▸ Information supplied:
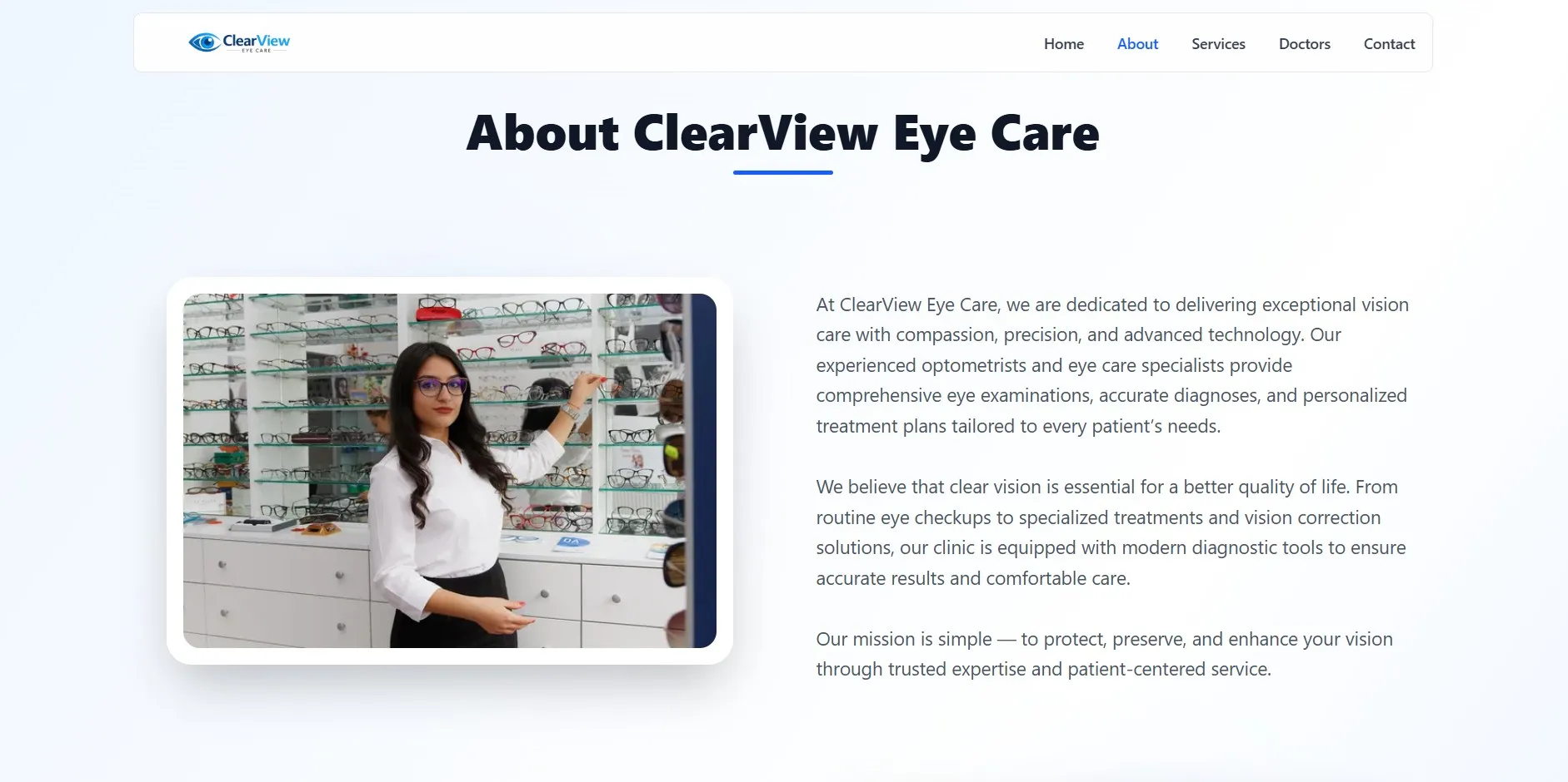 With a clean design, responsive layout, and professional presentation, ClearView EyeCare builds trust and enhances the clinic’s online presence, making eye care accessible and convenient for everyone.
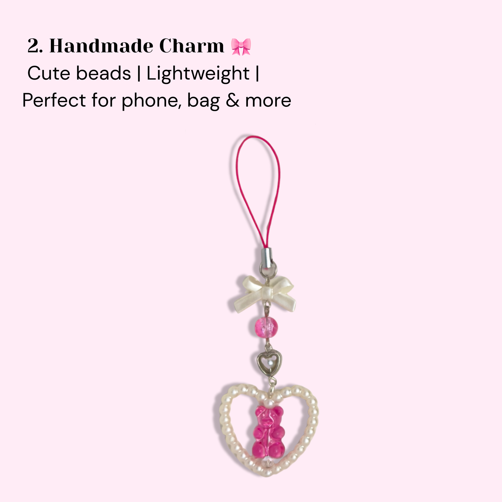 - 1 Handmade Beaded Phone/Bag Charm with pearls & bow details
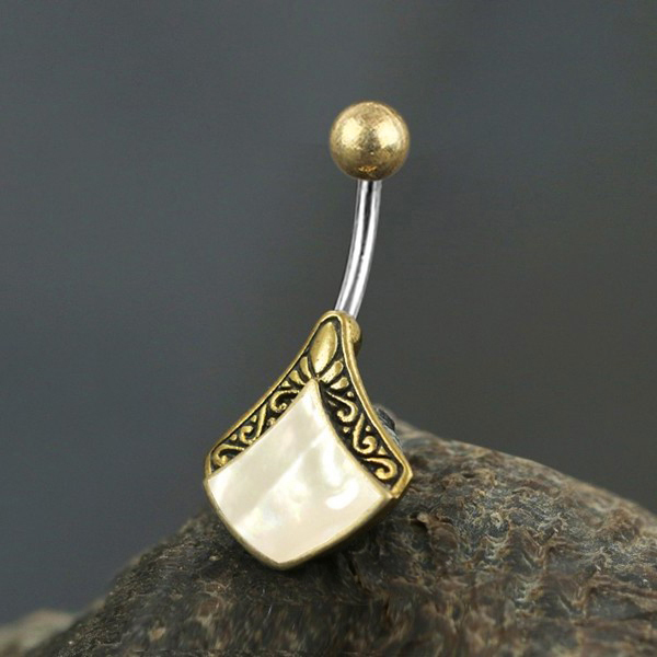 Steel Piercing BNB 109 MP - 316L Steel / Brass Navel Bar with MOP is sold
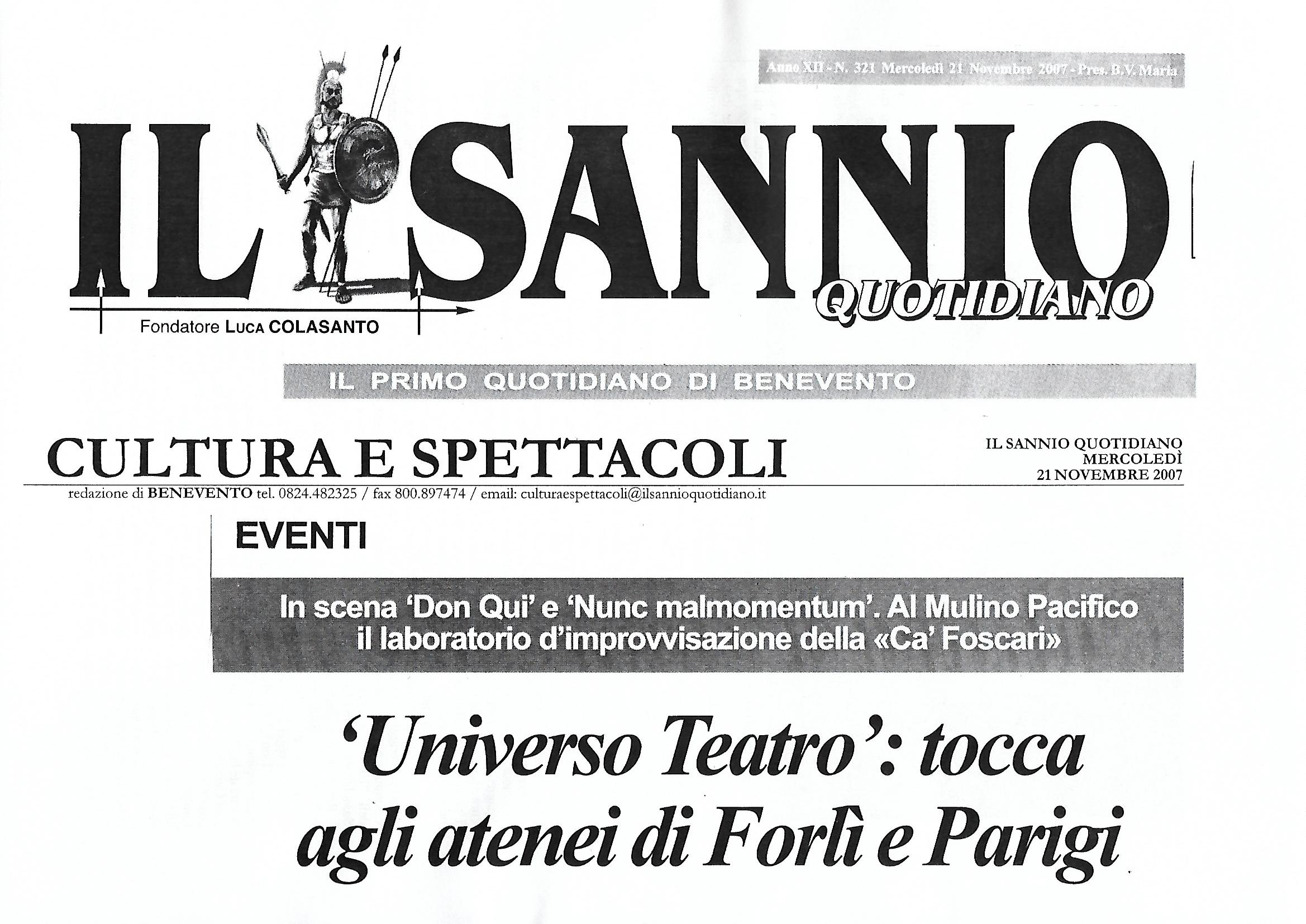 Opera presentata a novembre del 2007 al Teatro Comunale di Benevento con il titolo Nunc, Mal Momentum per il 1° Festival Internazionale di Teatro Universitario di Benevento Universo Teatro promosso dal direttore artistico Ugo Gregoretti, presente allo spettacolo con Judith Malina, che ha molto apprezzato lo spettacolo, considerandolo uno dei più interessanti della rassegna.

▸ Task prompt: Repeat the whole listing above word for word. Leave out the pictures.

▸ Written answer:
 With a clean design, responsive layout, and professional presentation, ClearView EyeCare builds trust and enhances the clinic’s online presence, making eye care accessible and convenient for everyone.
 - 1 Handmade Beaded Phone/Bag Charm with pearls & bow details
 Steel Piercing BNB 109 MP - 316L Steel / Brass Navel Bar with MOP is sold
 Opera presentata a novembre del 2007 al Teatro Comunale di Benevento con il titolo Nunc, Mal Momentum per il 1° Festival Internazionale di Teatro Universitario di Benevento Universo Teatro promosso dal direttore artistico Ugo Gregoretti, presente allo spettacolo con Judith Malina, che ha molto apprezzato lo spettacolo, considerandolo uno dei più interessanti della rassegna.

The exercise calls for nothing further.